Debugging production: the LIAR method
Published inThe release of DTrace in 2005 marked a turning point in the world of UNIX systems when it comes to production analysis, and more in general it greatly helped the process of understanding what’s going on under the covers by means of dynamic tracing.
Various systems inspired by DTrace have been developed throughout the years, including SystemTap and bpftrace. Although these systems differ in several important aspects, they all allow to ask questions about a running system by following a similar workflow. The List, Instrument, Aggregate, and Report (LIAR) acronym can be used to describe such workflow. The rest of this article will illustrate the methodology using bpftrace, taking as an example the problem of identifying which programs are sending data over TCP sockets, and how much data they are sending.
List
Without specific knowledge about Linux kernel internals, we can try and List all available probe points that have 'tcp' and 'send' in their name:
$ sudo bpftrace -l '*tcp*send*' tracepoint:tcp:tcp_send_reset kprobe:__traceiter_tcp_send_reset kprobe:tcp_send_mss kprobe:do_tcp_sendpages kprobe:tcp_sendpage_locked kprobe:tcp_sendpage kprobe:tcp_sendmsg_locked kprobe:tcp_sendmsg [...]
The function tcp_sendmsg seems interesting, and indeed it is the one responsible for gathering up data to be written to a TCP socket. Its signature is:
int tcp_sendmsg(struct sock *sk, struct msghdr *msg, size_t size)
The 'size' argument is what we are interested in, and we are going to print it together with the PID next.
Instrument
At the Instrument step, we need to write a simple bpftrace program that prints a line every time the tcp_sendmsg function is called. Given that 'size' is the third argument of tcp_sendmsg, and that bpftrace allows to print function arguments using the arg0, …, argN keywords, we are going to access it by using 'arg2'. We are going to print the builtin 'pid' variable too.

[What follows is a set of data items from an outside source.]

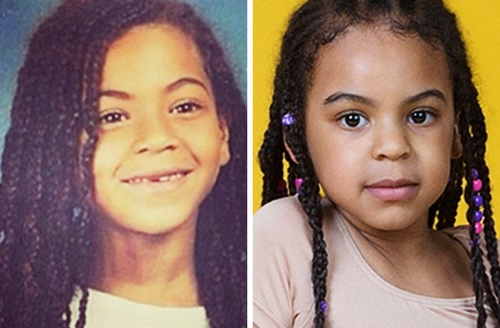 Уже несколько лет в сети обсуждают невероятное сходство Бейонсе и ее дочери Блу Айви. Интересно, что сама мама его практически не замечает, лишь изредка показывая в инстаграм фото сравнения себя и своего ребенка. Но поклонники не дремлют и спешат отметить, что на детских фото их практически невозможно отличить.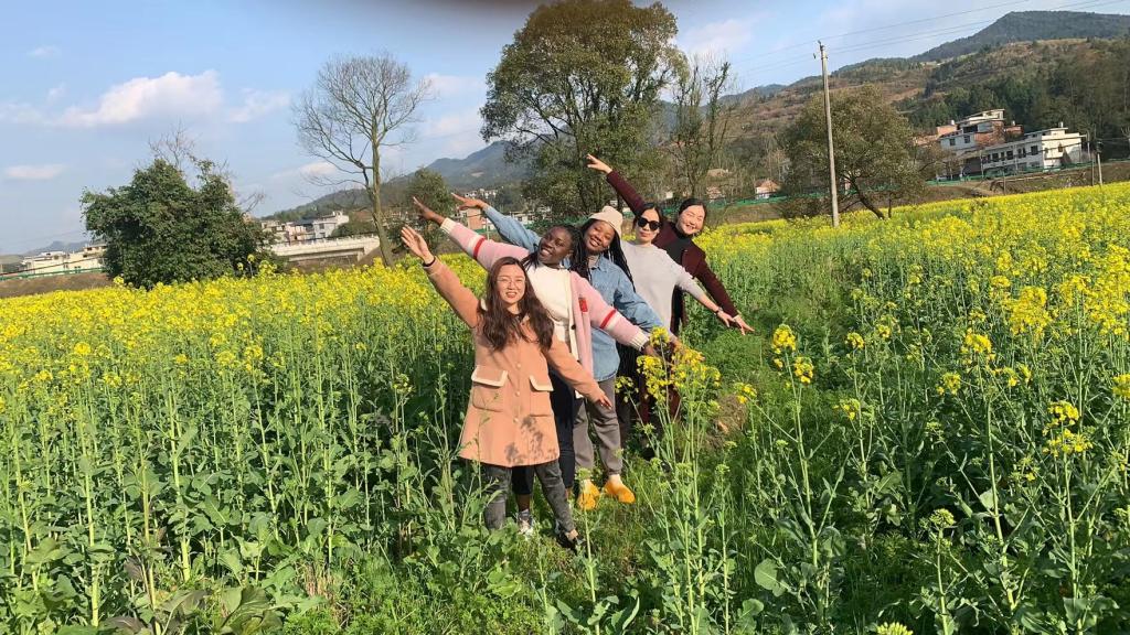 此次交流活动分为交流座谈、外教课堂、乡村踏青三部分。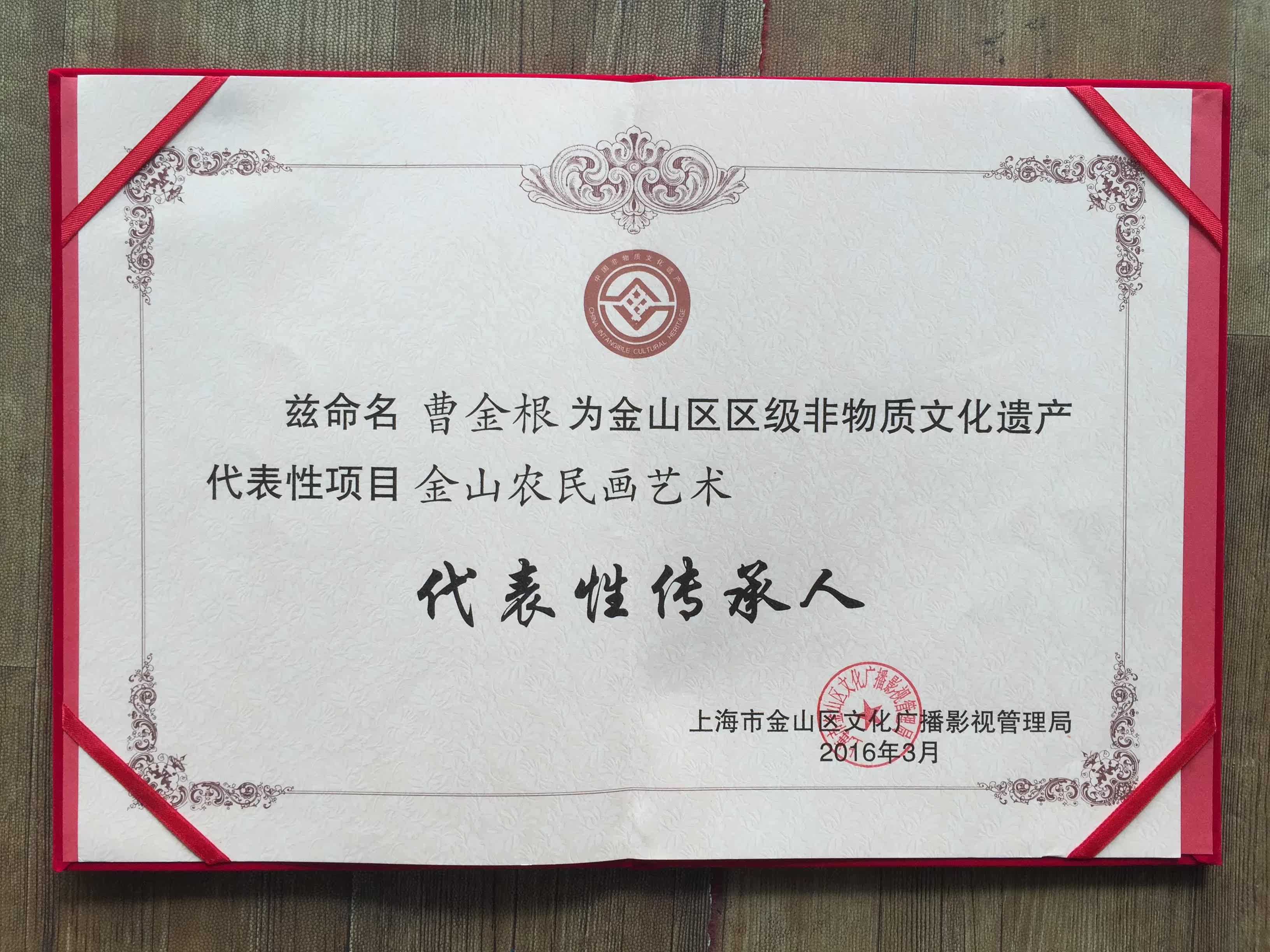 Правительство муниципального народа в Шанхае объявило о «кандидатах на выборы фермеров Джиншан, живопись искусством в Шанхайском нематериальном культурном наследии», а также было выпущено управление культурным трансляцией в Шанхае.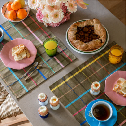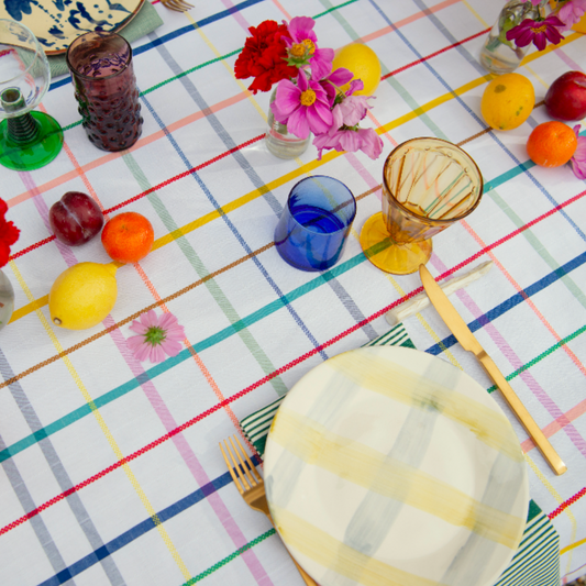 placemats Pop wit geruit linnen-katoen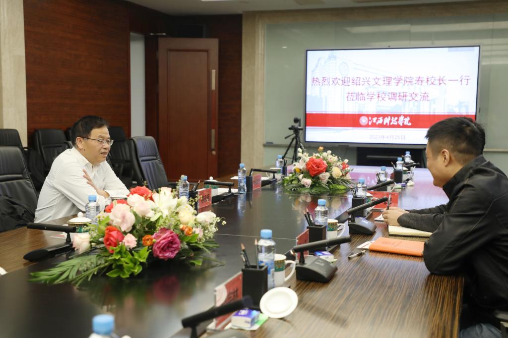 江科网讯(记者 何强江 刘莹)4月24日至25日,绍兴文理学院副校长、教育部本科教学评估专家寿永明一行来我校调研交流,受到校长张海涛与副校长周冰冰、陈辉的热烈欢迎。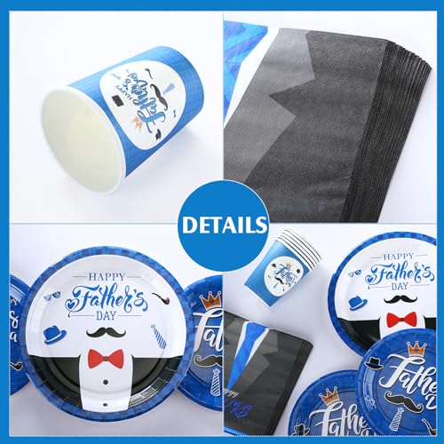 - Father’s Day Party Set: this Father’s Day tableware decoration will meet your party needs; It includes 1 set of Happy Father’s Day banner, 20 9 inch plates, 20 7 inch plates, 20 cups, 20 napkins, 20 knives, 20 forks and 20 spoons, 1 Father’s Day tablecloth, and 24 Father’s Day balloons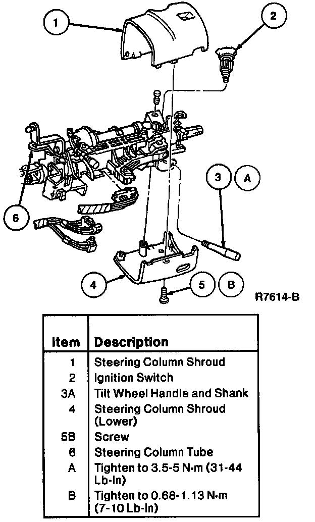 13. Remove bolt retaining transmission shift cable and bracket to steering column.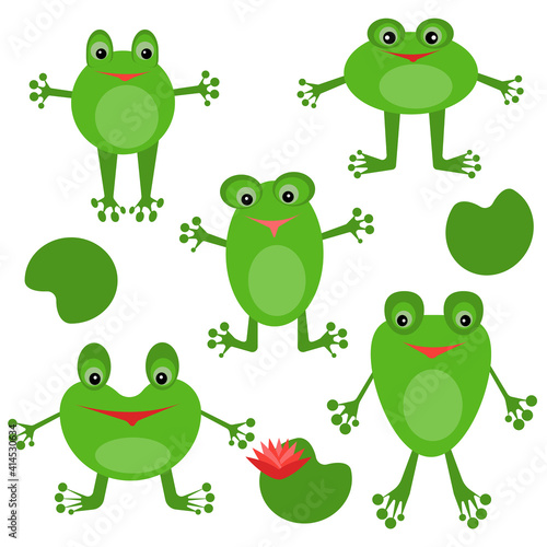 Obraz premium Set of cute frogs, positive green characters and swamp flowers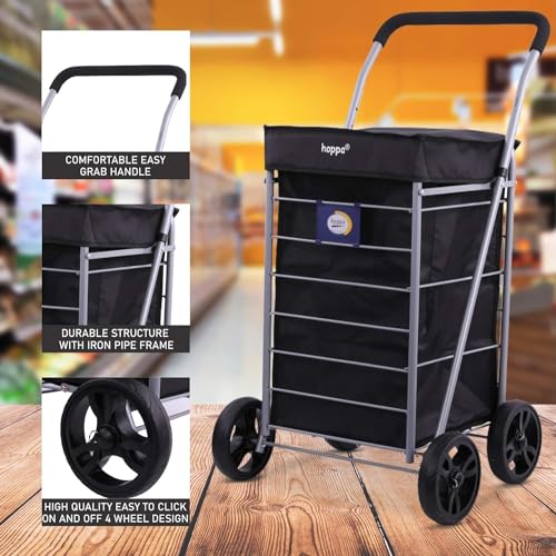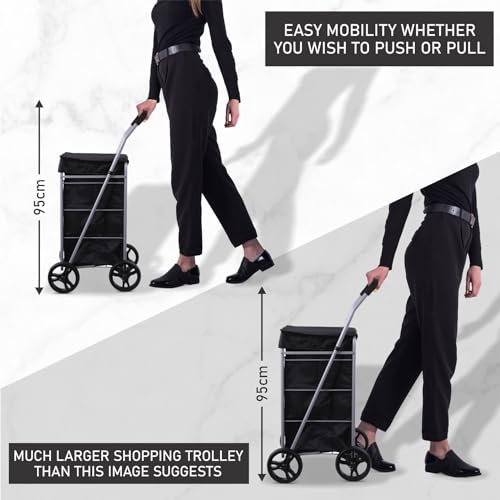 Hoppa Lightweight 4-Wheel Premium 2024 Model Folding Shopping Trolley Extra Large 75.6L Capacity Shopping Trolley Bag, 95cm, 4.8kg, Push/Pull (Black)
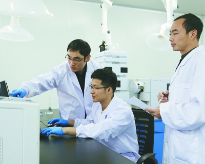 理化检验室内,除了超高分辨液质联用仪等多部精密仪器外,桌上还摆放着一个个玻璃小瓶子。
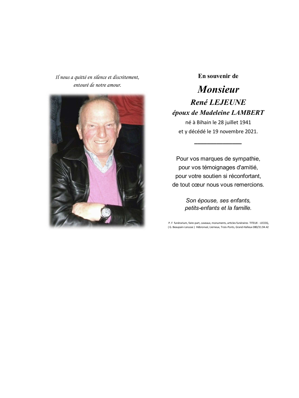 Fallecido en Bihain (6690) el viernes, 19 de noviembre de 2021 a la edad de 80 años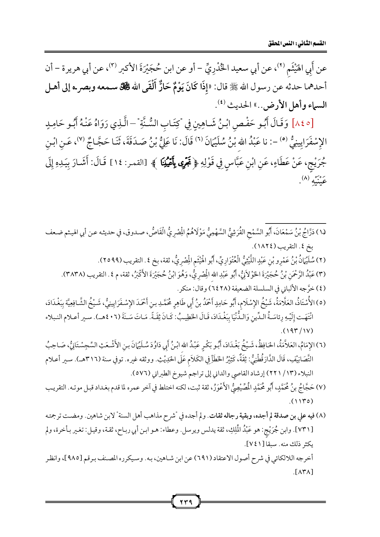 [٨٤٥] وَقَالَ أَبُو حَفْصِ ابْنُ شَاهِينٍ فِي "كِتَابِ السُّنَّةِ" - الَّذِي رَوَاهُ عَنْهُ أَبُو حَامِدٍ الإِسْفَرَايِينِيُّ (¬٤) -: نا عَبْدُ اللهِ بْنُ سُلَيْمَانَ (¬٥) قَالَ: نَا عَلِيُّ بْنُ صَدَقَةَ، ثَنَا حَجَّاجٌ (¬٦)، عَنِ ابْنِ جُرَيْجٍ، عَنْ عَطَاءٍ، عَنِ ابْنِ عَبَّاسٍ فِي قَوْلِهِ {تَجْرِي بِأَعْيُنِنَا} [القمر: ١٤] قَالَ: أَشَارَ بِيَدِهِ إِلَى عَيْنَيْهِ (¬٧).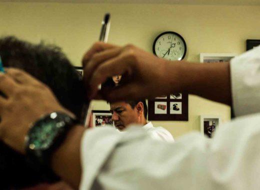 El olor a laca no se respira en las barberías. Se inhala el olor del alcohol en spray y se exhalan bromas en voces gruesas. Sillas de cuero vino tinto albergan hombres vestidos con delantales negros. Todos esperan al barbero. Y a su hojilla.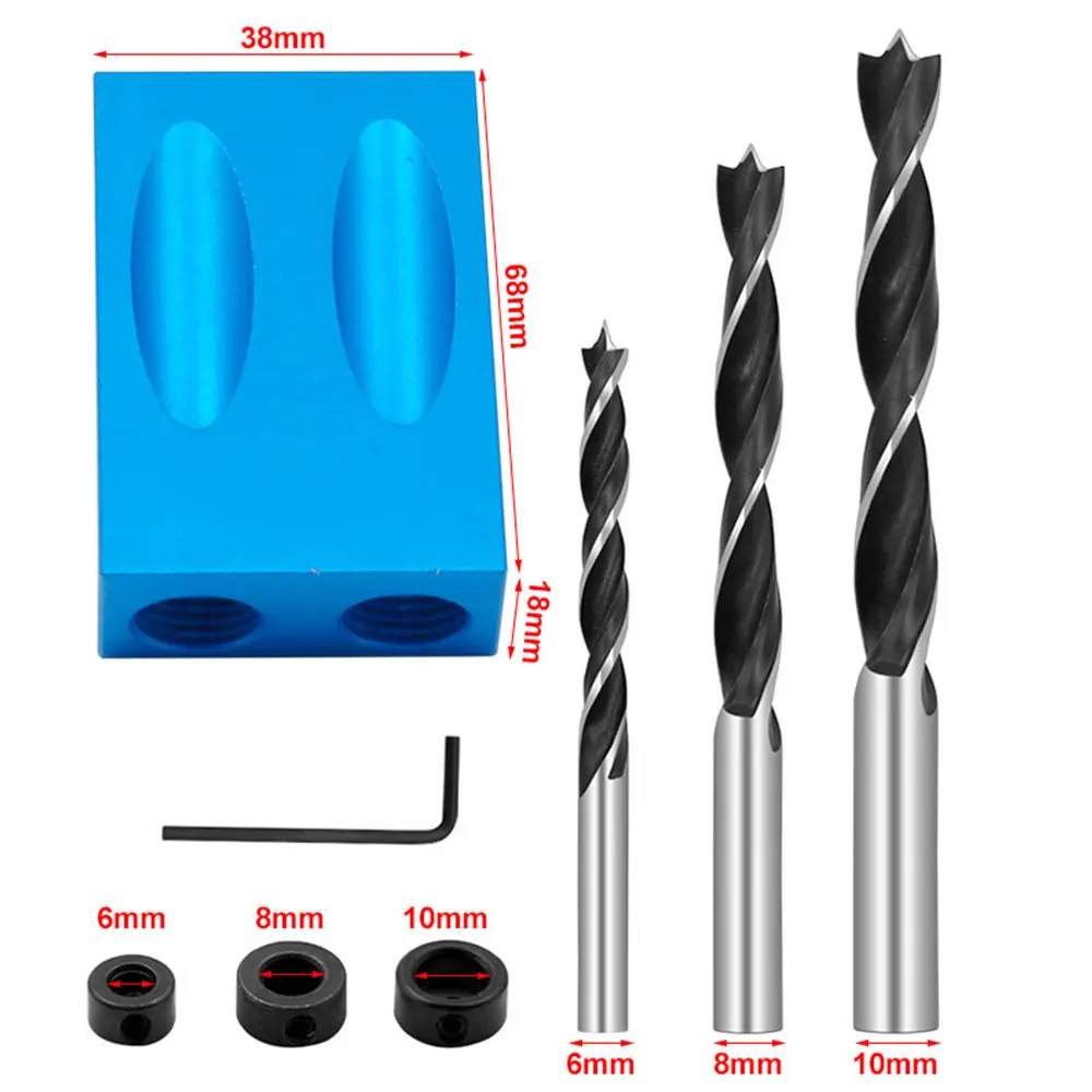 Деревообрабатывающее наклонное отверстие локатор сверла карманное отверстие джиг комплект 15 градусов угол сверла руководство набор Дырокол DIY столярные инструменты

$ sudo bpftrace -e 'kprobe:tcp_sendmsg { printf("pid=%d: size=%d\n", pid, arg2) }' Attaching 1 probe... pid=764374: size=36 pid=764374: size=36 pid=633506: size=43 pid=633506: size=566 pid=633506: size=600 pid=633506: size=58 pid=633506: size=819 ^C
The output looks reasonable, we can now work on aggregating the 'size' data to get further insights on the TCP sending behavior of this system.
Aggregate
The Map Functions provided by bpftrace allow to Aggregate data in various useful ways. For example, the stats(): function returns the count, average, and total for a given value.
Let’s use it:
$ sudo bpftrace -e 'kprobe:tcp_sendmsg { @bytes[pid] = stats(arg2); print(@bytes); }' Attaching 1 probe... @bytes[770234]: count 1, average 77, total 77 @bytes[770234]: count 1, average 77, total 77 @bytes[770237]: count 1, average 77, total 77
We have defined a BPF map called 'bytes', used the PID as the key, and aggregated the 'size' argument using stats(). Every time tcp_sendmsg is called, we print the values obtained so far.
Report
As the final step, we need to Report our findings. Instead of printing the values every time tcp_sendmsg is called, it would be nicer to do that only once at program termination. Just like DTrace, bpftrace defaults to automatically printing aggregation results when the program exits. This is to say that, in bpftrace terminology, all populated maps are printed automatically.
The full program is thus simply:
$ sudo bpftrace -e 'kprobe:tcp_sendmsg { @bytes[pid] = stats(arg2); }' Attaching 1 probe... ^C @bytes[769042]: count 1, average 75, total 75 @bytes[769047]: count 1, average 75, total 75 @bytes[769052]: count 1, average 75, total 75 @bytes[769057]: count 1, average 75, total 75 @bytes[633506]: count 13, average 378, total 4915
All values of the 'bytes' map are printed by default when the user issues a CTRL-C. If we want to instead make the program exit after 10 seconds, we can use the 'interval' probe as follows:
$ sudo bpftrace -e 'kprobe:tcp_sendmsg { @bytes[pid] = stats(arg2); } interval:s:10 { exit(); }'
Conclusion
This article introduced the LIAR method of production debugging, a workflow in four steps that can be followed using DTrace-like systems to inspect various aspects of running production systems. See the original DTrace paper, and the bpftrace reference guide for more!